Way back in March I stumbled upon a site called Inkubook, which was set up so that the user could create their own photo book. I immediately hit upon the idea of creating a book about my time in Japan and started uploading photos.
I was very impressed with the site software. You select which type of book you were putting together and are presented with a certain number of layouts and themed backgrounds to use in your project, though I later discovered that you could access all of the available backgrounds and layouts if you so desired.
It took almost three months, working on and off with varying amounts of intensity to get all of the photos I wanted arranged correctly, to add captions and fill in some of the blank space around the photos with excerpts from my journal.
As far as I could see, they were only three drawbacks: No built-in spellcheck, which for me meant getting my very willing dad to proofread (no easy task considering the amount of Japanese place names).
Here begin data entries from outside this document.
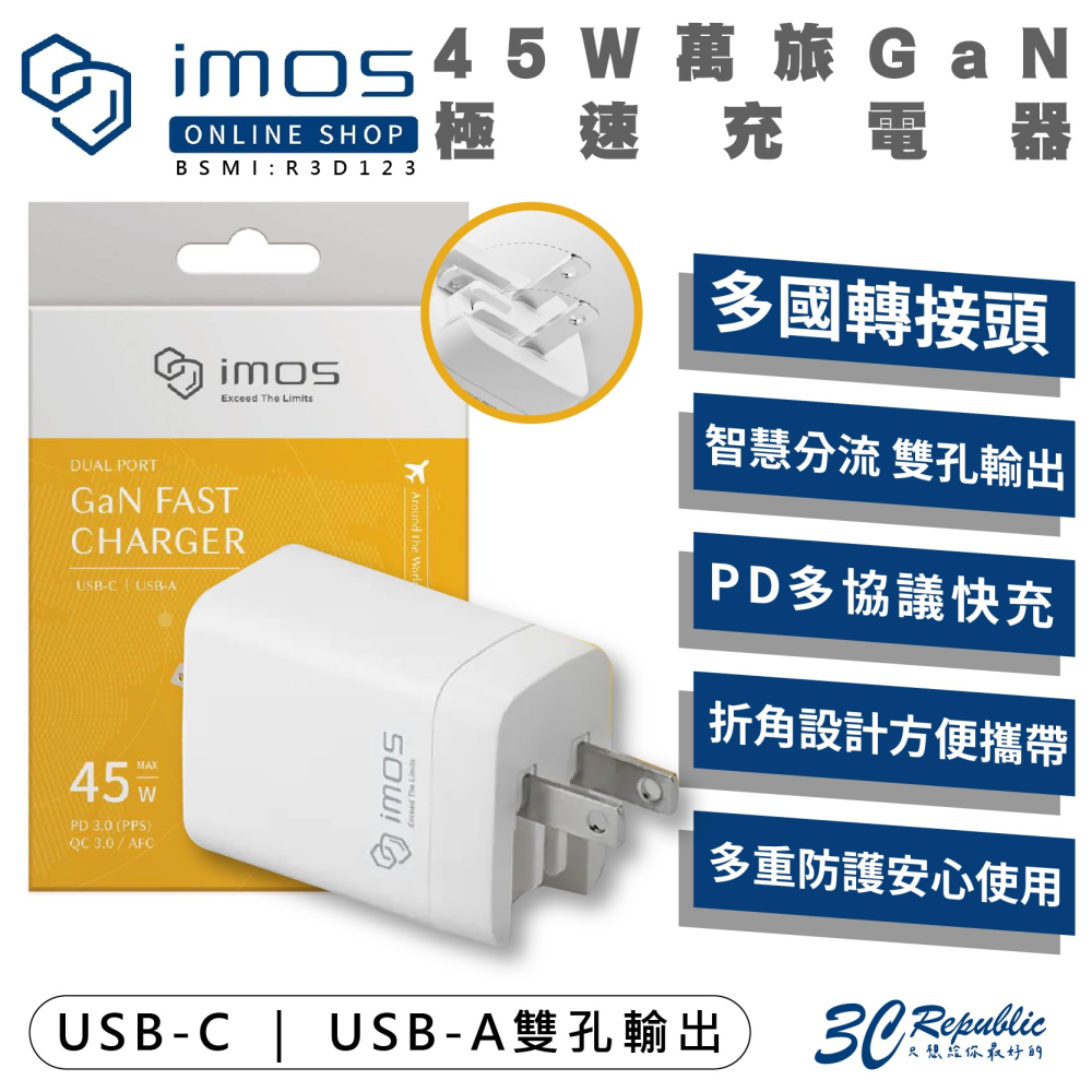 imos 45W 萬旅 GaN 氮化鎵 PD QC 充電器 充電頭 快充頭 適 多國轉接頭 iPhone 15 14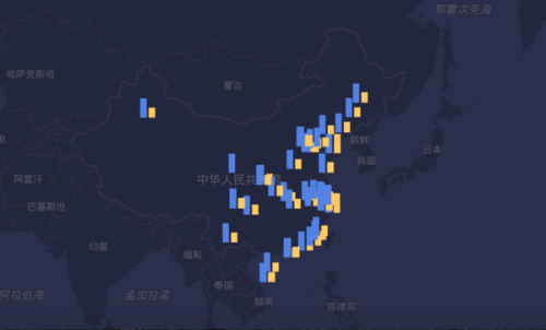经过短时间的等待,选择的数据已经在中国地图指定位置显示出来了。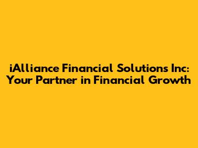 Hey everyone! Are you looking for a helping hand to navigate the sometimes-confusing world of finance? Well, you've come to the right place! Today, we're diving deep into iAlliance Financial Solutions Inc, and trust me, it's a name you'll want to remember. They're all about empowering you to take control of your financial future, and that's something we can all get behind, right?

The software could occasionally take forever to load and while finishing up on my new netbook I almost developed eyestrain. Finally, the software required a certain quality of image to guarantee a good product, which was fine for my own photos, but a little more problematic when it came to using friends’ photos for events I had no photographic record of. The images looked fine onscreen, but I had a few nervous moments imagining how they could ruin the final product.
I finished up last week and the book arrived today.
You have to select the size you want before you start, since that affects the photo layouts. This is the 8.5×8.5 size, currently only available in softcover. For sixty-five pages of material, it ran me 23.95 plus about ten dollars flat shipping for the two copies I ordered.
If you want hardcover, the three larger sizes, 8.5×11 portrait, 8.5×11 landscape, and 11×11 square are are all available, with prices varying by page number. You can fill up to 120 pages.
I am very happy with quality of the paper and the photo printing job. My pictures are huge and bright and crisp, and the ones that were of a lower quality still aren’t too bad. They certainly don’t take away from the overall quality.
While there were plenty of cutesy, scrapbook style backgrounds available, they were so European-themed that I went with black matte backgrounds for almost every page. I was trying to fit in as many pictures as possible, so most of the time I stuck with the layouts of the sort visible on the right and put the captions in the back of the book. In some cases, however, I had the slightly more panoramic pictures stand alone on a page with their own caption right there.
In some cases, I used a really nice picture to fill the whole page or picked a color from the palette available to fill in the background. These are the pages I’m really proud of – I almost never get prints bigger than 4×6 and it was awesome to see these huge, high-quality prints of my pictures of the Golden Pavilion.
In some cases, there was enough space on the page that I could include a journal entry from the same day. My journal and Mauri in Japan turned out to be indispensable for adding dates to all of the pictures. This book wouldn’t be nearly as accurate as it is without them.
At the end of the book, I put in a dramatis personae, listing everyone in the book and giving the page numbers for each picture they appear in. There are also captions for every picture that appeared on a page that didn’t have its own caption box.
This was probably my biggest mistake – I spent so much time in the program double-checking that the page numbers were correct and the captions were accurate that I neglected to think about how the page numbers would be printed.
There are no page numbers in my book. The captions are not quite useless, since the go page-by-page in order, but it should be fun to see how easy it is to look up a picture of a person. *sigh*
Overall, I am extremely happy with the book and if this seems like one huge plug for Inkubook, well it kind of is.
Final tip – they send out coupons fairly often, so keep an eye on them if you’re close to finishing the book. I ended up using a 30% off coupon they sent me in a panic after I didn’t work on my book for more than a month, afraid that I had abandoned it permanently.